(COLLECTED DATA Opens)
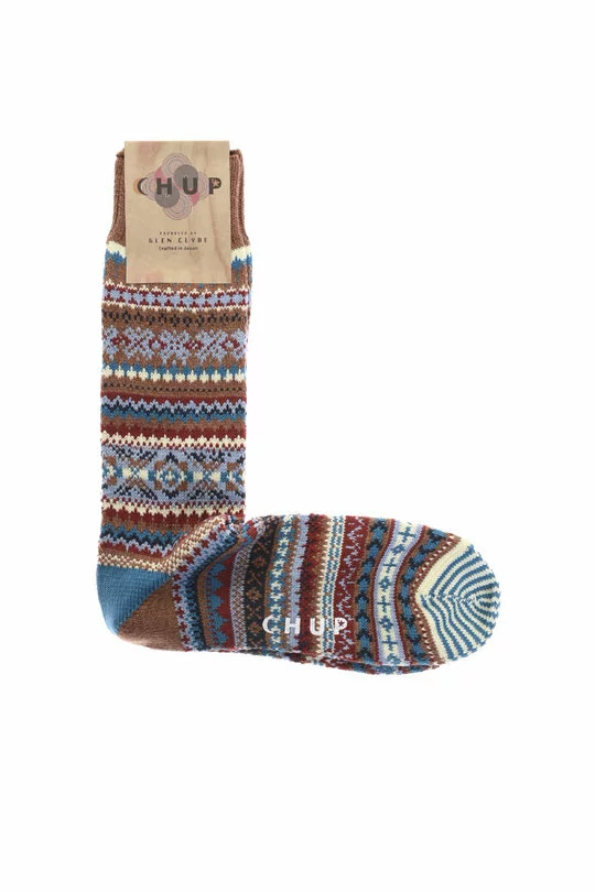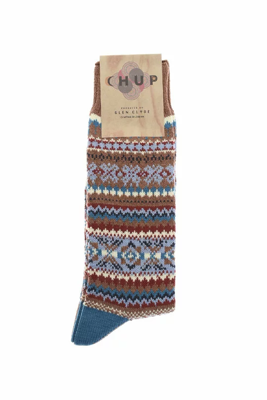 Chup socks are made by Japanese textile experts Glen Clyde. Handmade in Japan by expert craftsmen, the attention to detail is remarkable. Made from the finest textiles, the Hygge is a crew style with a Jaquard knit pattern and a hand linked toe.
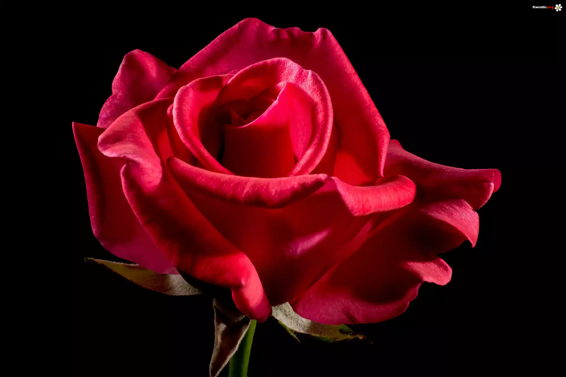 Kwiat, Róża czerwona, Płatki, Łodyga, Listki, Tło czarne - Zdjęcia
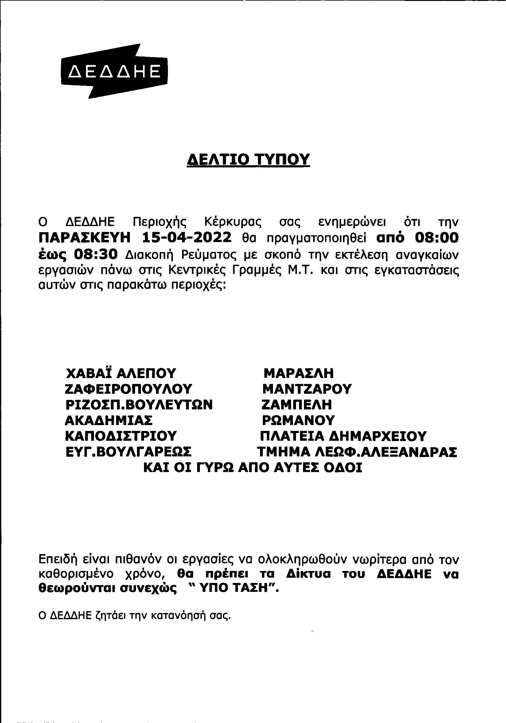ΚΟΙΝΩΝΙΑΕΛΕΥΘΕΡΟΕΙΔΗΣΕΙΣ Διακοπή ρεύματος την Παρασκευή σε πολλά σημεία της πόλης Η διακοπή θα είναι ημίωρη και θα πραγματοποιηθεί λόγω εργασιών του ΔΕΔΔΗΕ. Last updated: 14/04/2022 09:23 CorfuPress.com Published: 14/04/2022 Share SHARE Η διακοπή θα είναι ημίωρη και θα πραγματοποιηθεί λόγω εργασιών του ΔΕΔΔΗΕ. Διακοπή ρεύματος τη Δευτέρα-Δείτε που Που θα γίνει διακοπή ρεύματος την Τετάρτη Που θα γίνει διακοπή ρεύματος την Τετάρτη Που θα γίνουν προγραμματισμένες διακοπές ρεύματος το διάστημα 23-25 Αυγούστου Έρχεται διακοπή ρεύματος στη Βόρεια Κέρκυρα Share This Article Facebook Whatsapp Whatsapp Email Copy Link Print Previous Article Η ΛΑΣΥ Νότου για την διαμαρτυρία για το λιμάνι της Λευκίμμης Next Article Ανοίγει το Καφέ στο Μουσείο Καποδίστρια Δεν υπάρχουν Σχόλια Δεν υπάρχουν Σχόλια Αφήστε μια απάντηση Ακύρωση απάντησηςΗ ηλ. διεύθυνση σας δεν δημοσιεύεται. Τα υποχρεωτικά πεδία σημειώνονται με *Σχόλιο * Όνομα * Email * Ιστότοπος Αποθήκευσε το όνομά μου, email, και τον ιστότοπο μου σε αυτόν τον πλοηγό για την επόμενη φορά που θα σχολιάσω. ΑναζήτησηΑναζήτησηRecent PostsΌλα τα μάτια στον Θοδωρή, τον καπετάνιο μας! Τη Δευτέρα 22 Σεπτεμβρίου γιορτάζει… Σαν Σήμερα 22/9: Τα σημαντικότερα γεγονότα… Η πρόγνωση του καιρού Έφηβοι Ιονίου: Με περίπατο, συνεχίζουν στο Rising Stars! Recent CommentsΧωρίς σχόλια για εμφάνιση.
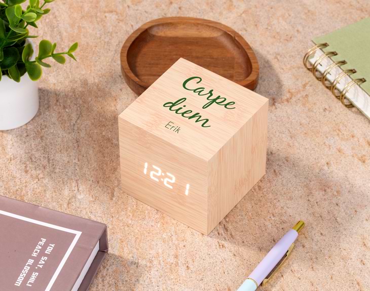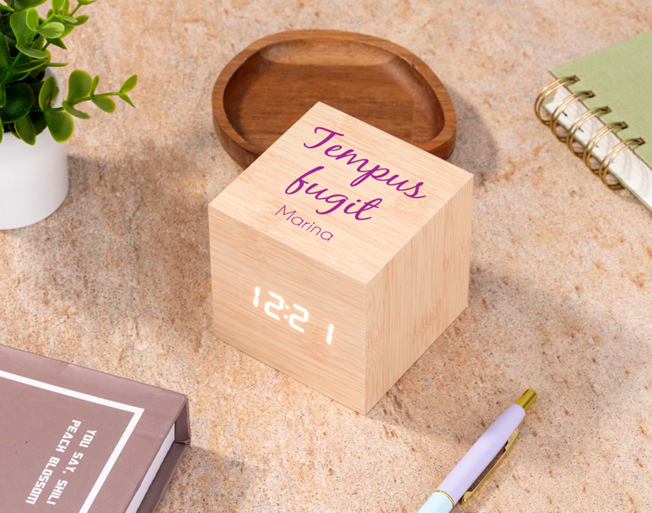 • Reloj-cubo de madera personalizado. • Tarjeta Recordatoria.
(COLLECTED DATA Closes)
▶ _DIRECTIONS FOR THIS TASK_: Everything in the data except the pictures needs to be written out exactly.

▶ _RESULT OF THIS TASK_:
 Chup socks are made by Japanese textile experts Glen Clyde. Handmade in Japan by expert craftsmen, the attention to detail is remarkable. Made from the finest textiles, the Hygge is a crew style with a Jaquard knit pattern and a hand linked toe.
 Kwiat, Róża czerwona, Płatki, Łodyga, Listki, Tło czarne - Zdjęcia
ΚΟΙΝΩΝΙΑΕΛΕΥΘΕΡΟΕΙΔΗΣΕΙΣ Διακοπή ρεύματος την Παρασκευή σε πολλά σημεία της πόλης Η διακοπή θα είναι ημίωρη και θα πραγματοποιηθεί λόγω εργασιών του ΔΕΔΔΗΕ. Last updated: 14/04/2022 09:23 CorfuPress.com Published: 14/04/2022 Share SHARE Η διακοπή θα είναι ημίωρη και θα πραγματοποιηθεί λόγω εργασιών του ΔΕΔΔΗΕ. Διακοπή ρεύματος τη Δευτέρα-Δείτε που Που θα γίνει διακοπή ρεύματος την Τετάρτη Που θα γίνει διακοπή ρεύματος την Τετάρτη Που θα γίνουν προγραμματισμένες διακοπές ρεύματος το διάστημα 23-25 Αυγούστου Έρχεται διακοπή ρεύματος στη Βόρεια Κέρκυρα Share This Article Facebook Whatsapp Whatsapp Email Copy Link Print Previous Article Η ΛΑΣΥ Νότου για την διαμαρτυρία για το λιμάνι της Λευκίμμης Next Article Ανοίγει το Καφέ στο Μουσείο Καποδίστρια Δεν υπάρχουν Σχόλια Δεν υπάρχουν Σχόλια Αφήστε μια απάντηση Ακύρωση απάντησηςΗ ηλ. διεύθυνση σας δεν δημοσιεύεται. Τα υποχρεωτικά πεδία σημειώνονται με *Σχόλιο * Όνομα * Email * Ιστότοπος Αποθήκευσε το όνομά μου, email, και τον ιστότοπο μου σε αυτόν τον πλοηγό για την επόμενη φορά που θα σχολιάσω. ΑναζήτησηΑναζήτησηRecent PostsΌλα τα μάτια στον Θοδωρή, τον καπετάνιο μας! Τη Δευτέρα 22 Σεπτεμβρίου γιορτάζει… Σαν Σήμερα 22/9: Τα σημαντικότερα γεγονότα… Η πρόγνωση του καιρού Έφηβοι Ιονίου: Με περίπατο, συνεχίζουν στο Rising Stars! Recent CommentsΧωρίς σχόλια για εμφάνιση.
 • Reloj-cubo de madera personalizado. • Tarjeta Recordatoria.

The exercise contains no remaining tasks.